Canon PowerShot Zoom is a very good idea that is very poorly executed.

Canon Powershot Zoom
We think
Compact and easy to carry. Up to 800mm tele. Fairly sensibly priced.
Mediocre picture quality, lame autofocus and lousy video quality. And fairly hopeless to operate.
  • Type: 12 Mp compact camera 1/3” CMOS image sensor
  • Optics: 100/400mm f5.6-6.3
  • Screen: No.
  • Viewfinder: 2.3 Mp LCD, 0.52x
  • Burst rate: 8 frames/s
  • Video: 1080/30p
  • Connections: USB-C
  • Wireless: Wifi, Bluetooth
  • Storage: MicroSD
  • Battery life CIPA: 150 images
  • Dimensions/weight: 103 x 51 x 33 mm/145 g
  • Highlights: 2 x digital zoom to 800mm, optical stabilizer.
  • Web:

New compact cameras from Canon are not commonplace. But then the PowerShoot Zoom is not quite like other cameras either. It’s as much a monocular as it is a camera. With some very special features.

Canon says that the small camera is a super zoom camera in pocket format, aimed at the many who take nature photos, and need a powerful tele to take pictures of e.g. birds and animals.

For it to work, Canon has given the camera – or should we say the monocular – a zoom lens with two focal lengths, 100 and 400mm, and if that’s not enough, it also has 2x electronic zoom to 800mm.

A fairly advanced optical construction, with image stabilizer. Photo: Lasse Svendsen

Behind the compact lens with built-in image stabilizer is a small 1/3 inch image sensor, which stores still images in 12 Mp resolution, and video in 1080 HD quality with 30p. If you think it sounds like specifications from a bygone era, you may be right. It’s been so long since we’ve seen such small image chips.

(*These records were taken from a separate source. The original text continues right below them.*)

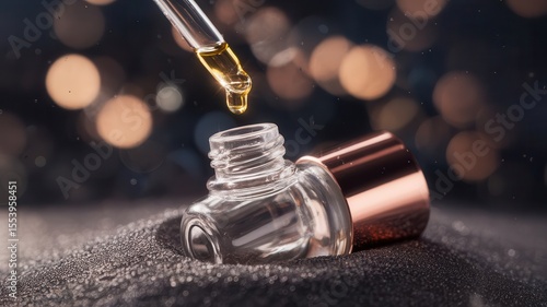 Elegant Serum Dropper with Bottle and Bokeh Background for Luxury Skincare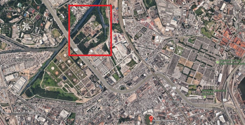 Área onde o Flamengo encontrou terreno fica no lado direito da Avenida Brasil, sentido zona norte do Rio (Foto: Reprodução)
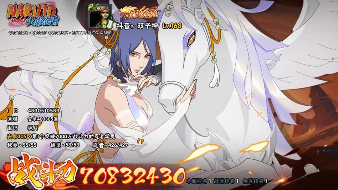 别点我声望!✨7000万战力✨安卓Q大区榜一✨全服最高战力✨全服最高属攻✨全忍者全装扮✨无上的忍道

The small Canon camera has a pair of distinctive controls. Once you have charged the battery that holds a maximum of 150 images, you must familiarize yourself with the buttons. Which are few. Power switch, still image and video button, zoom selection and menu button are the only ones here. The camera does not have a screen, so you have to use the electronic viewfinder while scrolling through the settings with the photo and video buttons on the bottom.

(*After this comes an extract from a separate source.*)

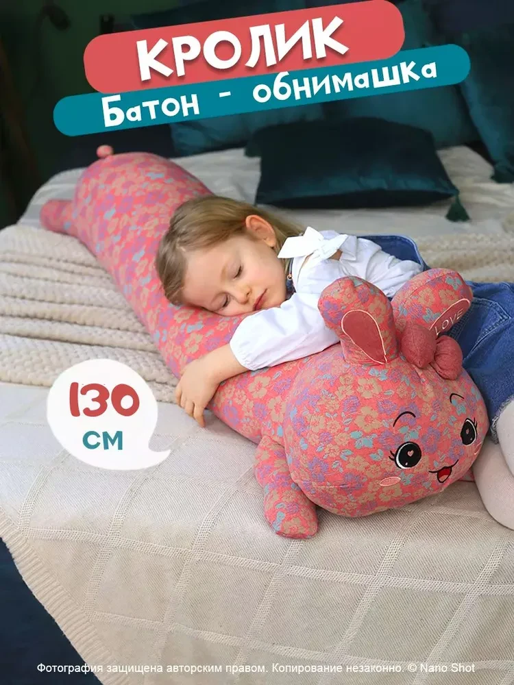 Мягкая игрушка-обнимашка батон Розовый Зайчик, 130 см

Shutter and release button on the underside. Photo: Lasse Svendsen

There is also a wheel for dioptric adjustment so that you can see clearly in the viewfinder. The wheel cannot be locked in any way, so you often have to turn a little to see sharply in the viewfinder.

Ease of use

The lens has no cover, so bring a microfiber cloth. The camera is also not weatherproof, but it is hardly a problem for everyday nature photos in good light. For good light is absolutely necessary, if the Canon camera is to provide reasonably usable images.

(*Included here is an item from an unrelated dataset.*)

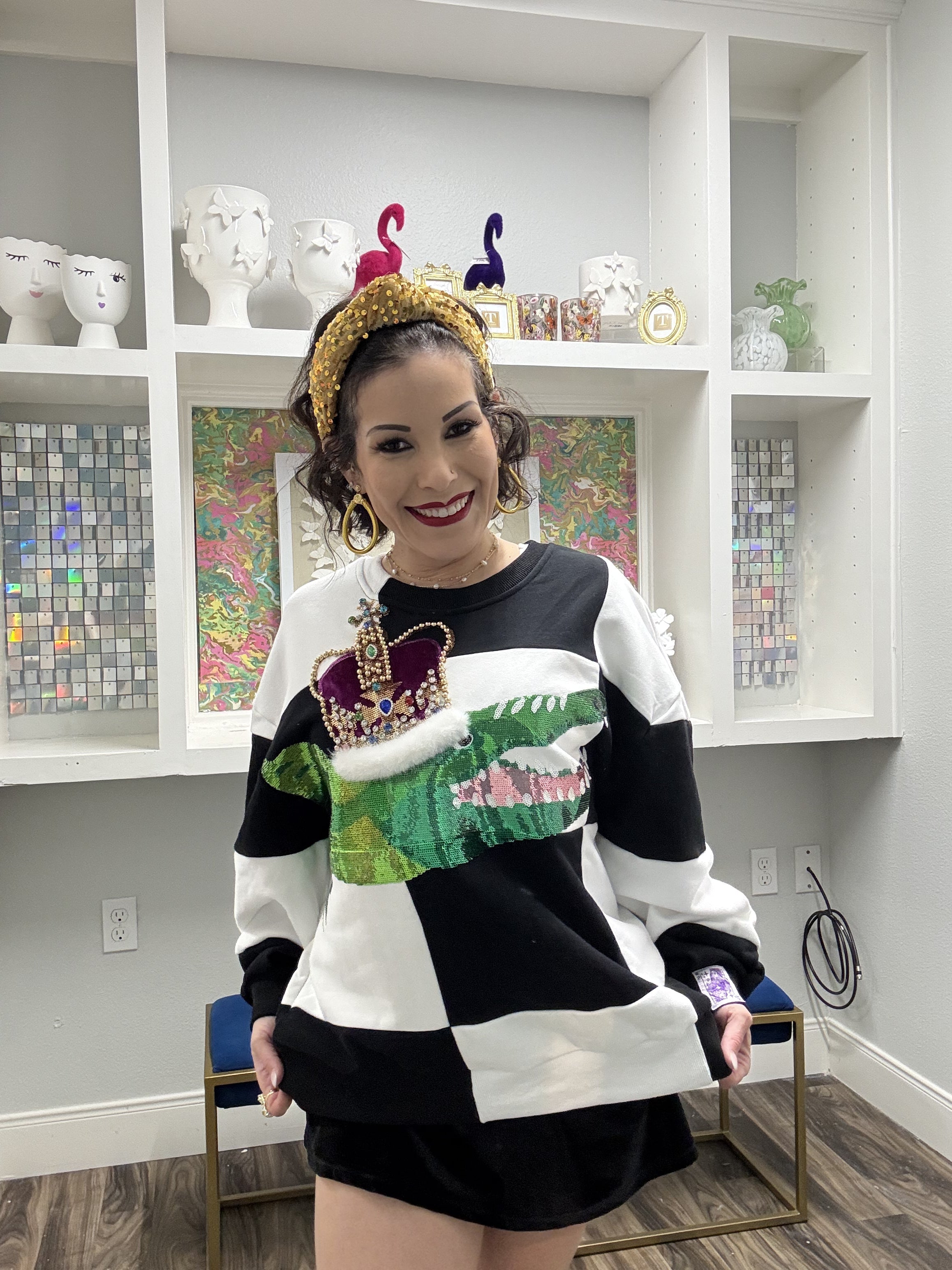 Embrace your inner queen with this cozy Black & White Checkered Alligator Sweatshirt. The bold pattern and striking alligator graphic make a statement that showcases your unique style while keeping you comfortable during casual outings.

Yes, the camera has an on-screen menu, but only in the viewfinder. Photo: Lasse Svendsen

But before we get to the image quality. The photos can be transferred to the mobile as you take photos or video. Press the shutter button halfway, and the camera focuses before the picture is taken when the button is pressed fully. Then there is no sound from the camera. The only way to know that a picture was taken is to follow the white frame that flashes in the viewfinder when the picture is taken. It records audio in stereo on video, but even though you can play video in the viewfinder, you will not hear anything since the camera does not have a built-in speaker.

Viewfinder only, no screen. Photo: Lasse Svendsen

You can also take pictures in quick succession with 10 pictures/s, serial exposure, but this is limited by the autofocus not being able to refocus after the first picture is taken.

The image quality

Although the camera in practice only has two focal lengths, 100 and 400mm, the optical construction is relatively complex. 11 lens elements sit in eight groups, and the zoom has a four-axis image stabilizer, and a close limit of one meter.

The aperture is fixed, and only changes when you zoom, which you may not need to do. The reason for this is that at 100mm the image quality is marred by grainy image noise, which only gets worse when zooming. 400mm just means even more grainy image noise, and with 2x digital zoom to 800mm, there is such coarse-grained image noise that the images are completely useless.

The worst is in low light conditions, so this is a good weather camera that must be used accordingly. In really good weather with enough light, image quality is not that bad, but even just a slight cloudiness, and the camera increases the ISO sensitivity and blurs the images.

The video quality is even worse, with unsightly mosquito noise that only gets worse when panning. Then the colors are also blurred, and what little sharpness there was, disappears in an autofocus that does not keep up.

USB-C connector and microSD card slot. Photo: Lasse Svendsen


It’s easy to see why Canon thought the Powershot Zoom was a good idea. Unfortunately, the result is marred by the fact that the image quality does not measure up in many situations. As a digital monocular, the Powershot Zoom is a medium-interesting product that, considered as a camera, has too many shortcomings for us to recommend the Canon camera. Or the monocular.